Ma una mattina si svegliò più malata del solito.
— Oh, cielo! — pensai — se mi morisse!
E scesi le scale per chiamare un celebre medico che stava al primo piano, faceva le sue visite in carrozza, e doveva guadagnare in un giorno tutta la mia rendita d'un mese.

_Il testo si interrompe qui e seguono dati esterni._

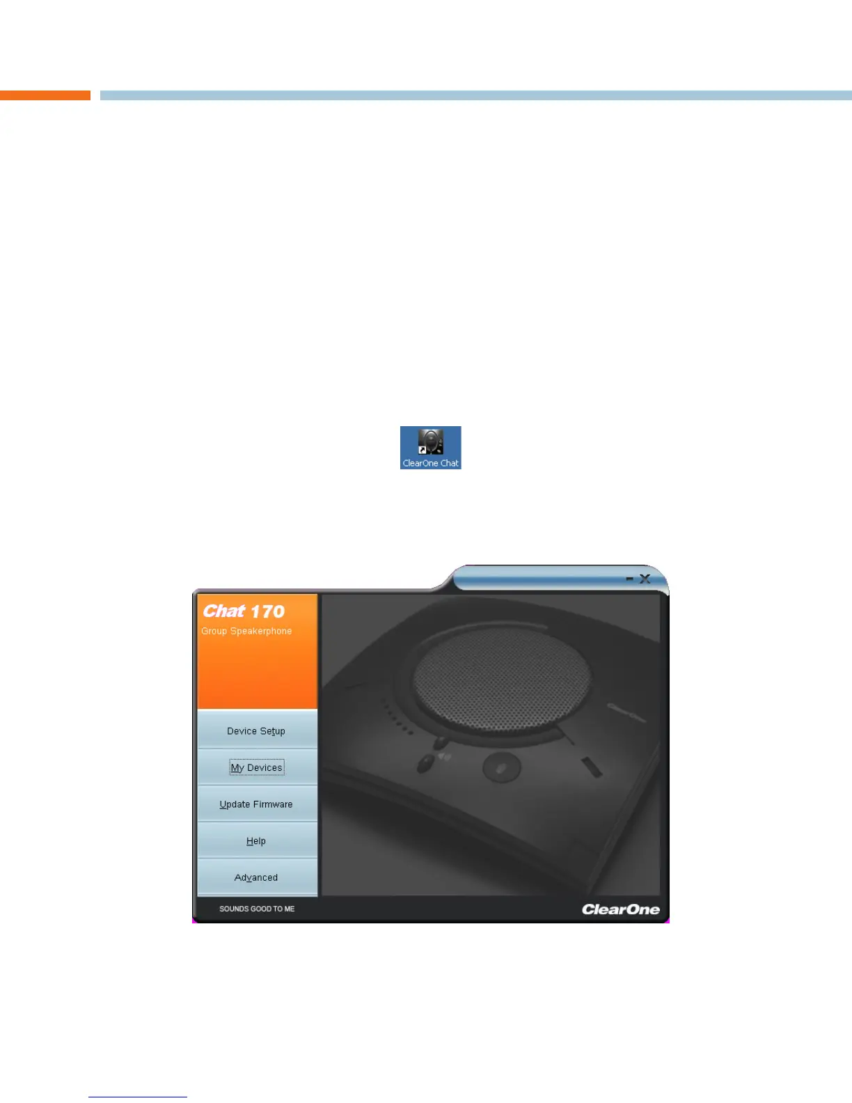 Start the CHAT software by double-clicking the ClearOne CHAT icon on your desktop, or by launching the applica-2.

Mentre egli veniva su, pensavo: — Il difficile sarà pagarlo, ma avrò tempo; ora bisogna salvare la mia Evangelina. — E prima di entrare in casa fui tentato di dire a quell'uomo celebre: — Per carità, mi salvi la mia Evangelina! — Me ne trattenne una certa dignità virile che volevo serbare anche nella sventura.
Il medico visitò mia moglie, le guardò la lingua e le toccò il polso, le fece certe interrogazioni, a cui essa rispose titubando; all'ultimo rise, e sentenziò che non era nulla.
— Non vi è pericolo? — chiesi con voce tremante.
— Signor no, almeno per ora. — E mi trasse in un canto per dirmi furbescamente: — Gliela dia lei la notizia alla signora...
— Sarebbe mai?...
— Sicuro.
Invece di accompagnare il medico sul pianerottolo, come volevo, mi pare d'averlo spinto garbatamente fuori dell'uscio; dopo di che, senza nemmeno chiudere la porta, corsi al capezzale della mia ammalata.